Golan’s quest to overturn the law came after he saw works by seminal 20th century composers get reclaimed under the 1994 copyright statute, which made it significantly more difficult for smaller and less well-funded orchestras to obtain the music to share with their communities. “Prokofiev, Shastakovich, Stravisnky. All of a sudden, on one day, you couldn’t [buy the music] anymore,” Golan laments. It’s not just sheet music. The plaintiffs represented by Golan suit’s copyright attorneys include educators, performers and film archivists, and point to the fact that Shakespeare is available to the public domain, but works by Virginia Woolf, J.R.R. Tolkien, Alfred Hitchcock, and Pablo Picasso, to name a few, are restricted after being available before 1994.

The 1994 recopyrighting was limited to foreign works, and was made in an effort to “align U.S. policy with an international copyright treaty,” according to copyright attorneys like Cam Tu Dang who practices in Las Vegas, Nevada. One of the main concerns raised by the lawsuit is whether Congress has “the constitutional right to remove works from the public domain? And if it does, what’s stopping it from plucking out even more freely available works,” wonders journalist Marc Perry. Golan’s lawyer argues that with recopyrighting works, Congress undermines “the value and usefulness of the public domain in a profound way if the rug can be pulled out from under you at any time.”

For the Golan lawsuit, it’s not just about ideas in the abstract. He argues that his orchestra in Yakima, Washington, can’t afford to pay for the copyrighted materials that are important for performers to experience and audiences to encounter. Teachers and educators agree. Librarians and scholars, for example, depend on accessibility of historical literature—musical, artistic and research based alike—to continue their work and studies.
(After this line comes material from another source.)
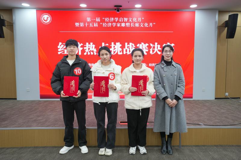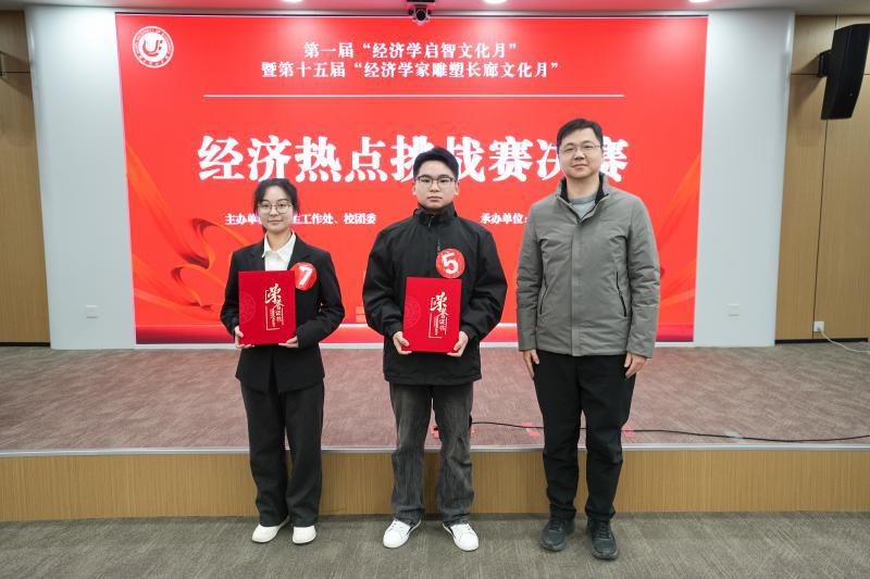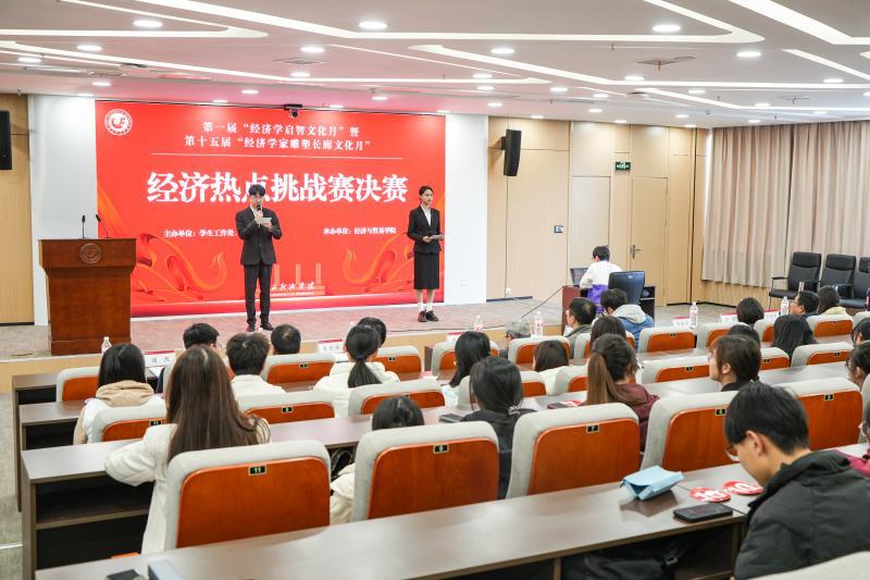 决赛分为经济学热点分析和经济学创新挑战两个环节。决赛现场,各参赛队伍通过PPT 演示、数据模型分析、案例对比等多种方式,围绕“新质生产力赋能城乡共同富裕”、“新质生产力发展如何助力产业绿色转型”和“中部地区高等教育人力资本投资如何促进新质生产力发展”这三个主题进行全方位、多角度展示,他们凭借扎实的专业知识、深入的数据分析和新颖的解决方案,为评委和观众呈现了一场精彩的经济学盛宴。在经济学创新挑战环节中,选手们围绕“一带一路”、通货膨胀、反垄断法、绿色经济、技术变革等热点话题,运用经济学原理分析实际问题,展现了经院学子敏锐的洞察力、扎实的专业知识和独特的视角。经过3个多小时的紧张比拼,最终决出冠军队伍1支,亚军队伍2支,季军队伍3支,4支队伍荣获优秀奖。

But it’s not just academics who are affected, copyright attorneys in the Golan case argue. Online archives of digital books—like Google’s efforts—are affected by the legal implications of digitizing books and works of art. One advocate of overturning the recopyrighting law argues that “It’s deterring digitization on anything foreign because people can’t figure it out,” the law is so complex and nuanced. And it’s not just a few dollars in a symphony orchestra budget that’s at stake, either. The court rulings in the mid 1990s included testimony from “publishers, record companies, and other copyright-based industries that estimated that billions were being lost each year because foreign countries were failing to provide copyright protections to U.S. –originated works.” Thus the treaty, and recopyrighting of foreign works.

The U.S. Supreme Court is expected to make a decision on the Golan case in the fall of 2014.